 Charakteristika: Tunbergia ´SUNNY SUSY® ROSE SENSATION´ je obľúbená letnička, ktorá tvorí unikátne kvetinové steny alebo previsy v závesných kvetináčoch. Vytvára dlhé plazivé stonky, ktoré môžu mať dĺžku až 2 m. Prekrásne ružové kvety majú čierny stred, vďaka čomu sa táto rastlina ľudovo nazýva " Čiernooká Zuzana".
==
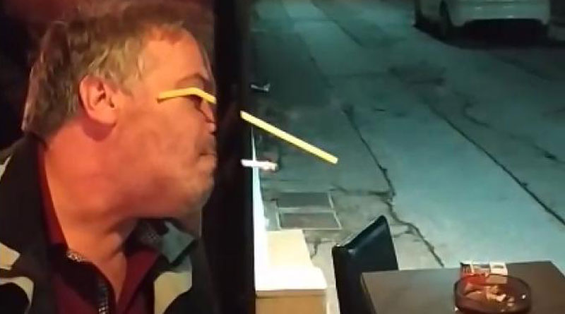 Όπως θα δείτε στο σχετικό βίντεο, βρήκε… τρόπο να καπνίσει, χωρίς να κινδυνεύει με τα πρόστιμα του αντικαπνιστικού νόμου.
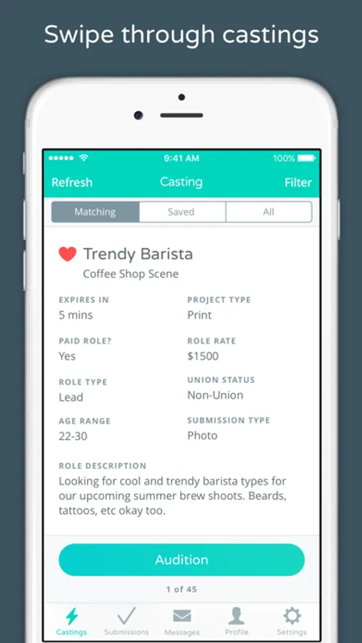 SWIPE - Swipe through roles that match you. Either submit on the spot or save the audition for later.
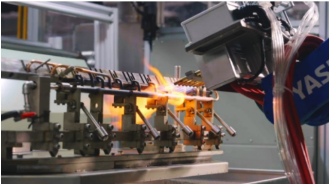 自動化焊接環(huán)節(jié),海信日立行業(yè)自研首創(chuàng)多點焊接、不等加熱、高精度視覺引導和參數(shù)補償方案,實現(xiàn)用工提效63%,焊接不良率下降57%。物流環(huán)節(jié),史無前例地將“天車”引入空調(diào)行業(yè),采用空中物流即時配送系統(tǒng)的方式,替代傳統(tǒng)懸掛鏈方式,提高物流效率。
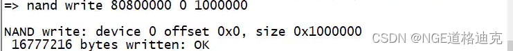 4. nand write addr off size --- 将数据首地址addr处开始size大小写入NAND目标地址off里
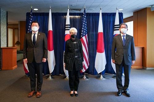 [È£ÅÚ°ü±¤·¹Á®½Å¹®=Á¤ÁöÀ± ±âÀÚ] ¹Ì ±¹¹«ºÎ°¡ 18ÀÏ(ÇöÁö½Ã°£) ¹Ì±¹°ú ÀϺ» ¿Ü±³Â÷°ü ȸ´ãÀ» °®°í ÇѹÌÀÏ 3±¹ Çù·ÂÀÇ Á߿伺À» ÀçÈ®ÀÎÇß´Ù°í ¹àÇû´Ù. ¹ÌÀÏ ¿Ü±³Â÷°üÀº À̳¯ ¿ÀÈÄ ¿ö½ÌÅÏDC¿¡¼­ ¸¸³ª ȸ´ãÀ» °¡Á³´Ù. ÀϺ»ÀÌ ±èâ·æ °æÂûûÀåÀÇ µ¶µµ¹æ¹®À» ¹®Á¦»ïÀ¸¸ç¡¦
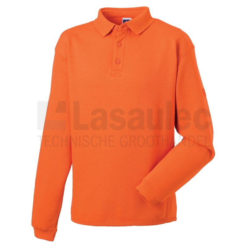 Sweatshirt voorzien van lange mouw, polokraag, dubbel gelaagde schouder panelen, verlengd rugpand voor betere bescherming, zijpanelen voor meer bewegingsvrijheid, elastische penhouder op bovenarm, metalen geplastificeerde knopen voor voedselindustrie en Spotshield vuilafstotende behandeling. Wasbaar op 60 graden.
...
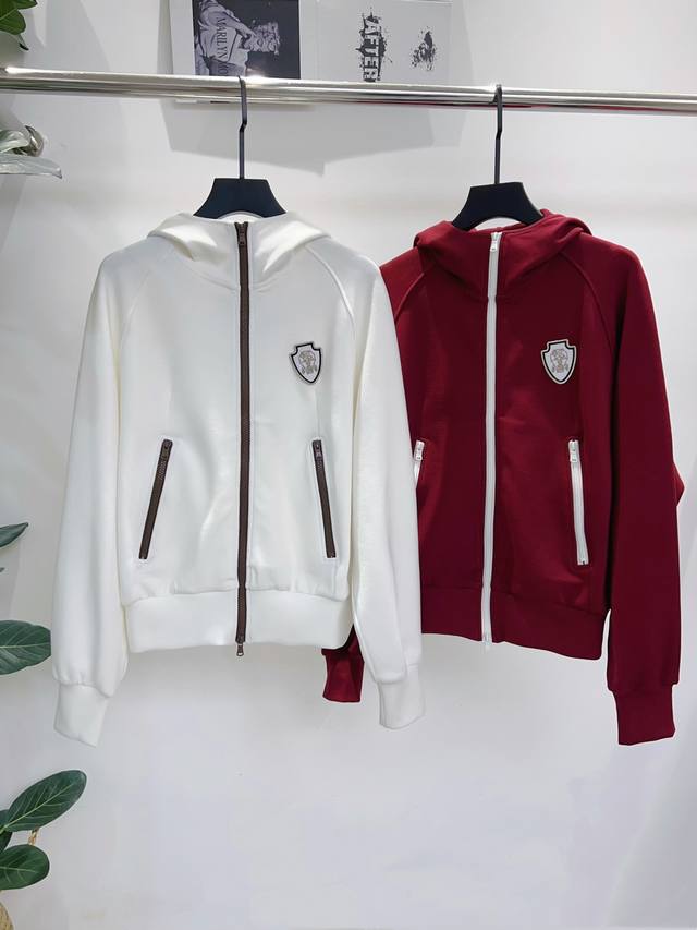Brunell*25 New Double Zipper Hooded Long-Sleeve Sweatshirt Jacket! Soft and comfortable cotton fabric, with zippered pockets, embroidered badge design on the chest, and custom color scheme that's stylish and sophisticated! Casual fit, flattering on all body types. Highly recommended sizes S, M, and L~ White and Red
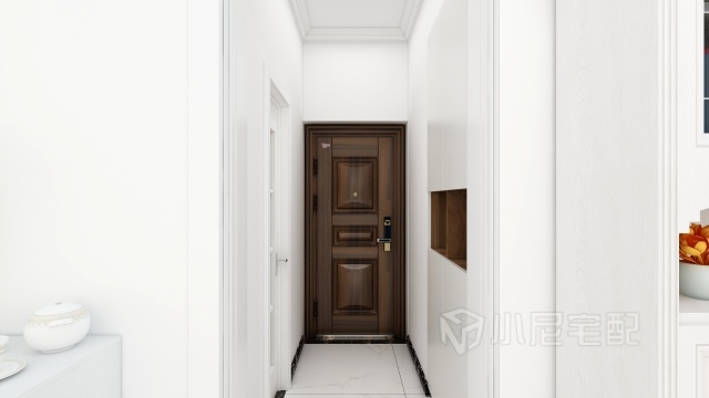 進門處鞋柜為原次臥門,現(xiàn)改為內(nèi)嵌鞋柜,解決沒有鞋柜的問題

● What is required
Using the entries above, repeat exactly the lines from the one with "4. nand write" to the one with "[È£ÅÚ°ü±¤·¹Á®½Å¹®=Á¤ÁöÀ± ±âÀÚ] ¹Ì", both included, and leave the pictures behind.

● Solution to the problem
 4. nand write addr off size --- 将数据首地址addr处开始size大小写入NAND目标地址off里
 [È£ÅÚ°ü±¤·¹Á®½Å¹®=Á¤ÁöÀ± ±âÀÚ] ¹Ì ±¹¹«ºÎ°¡ 18ÀÏ(ÇöÁö½Ã°£) ¹Ì±¹°ú ÀϺ» ¿Ü±³Â÷°ü ȸ´ãÀ» °®°í ÇѹÌÀÏ 3±¹ Çù·ÂÀÇ Á߿伺À» ÀçÈ®ÀÎÇß´Ù°í ¹àÇû´Ù. ¹ÌÀÏ ¿Ü±³Â÷°üÀº À̳¯ ¿ÀÈÄ ¿ö½ÌÅÏDC¿¡¼­ ¸¸³ª ȸ´ãÀ» °¡Á³´Ù. ÀϺ»ÀÌ ±èâ·æ °æÂûûÀåÀÇ µ¶µµ¹æ¹®À» ¹®Á¦»ïÀ¸¸ç¡¦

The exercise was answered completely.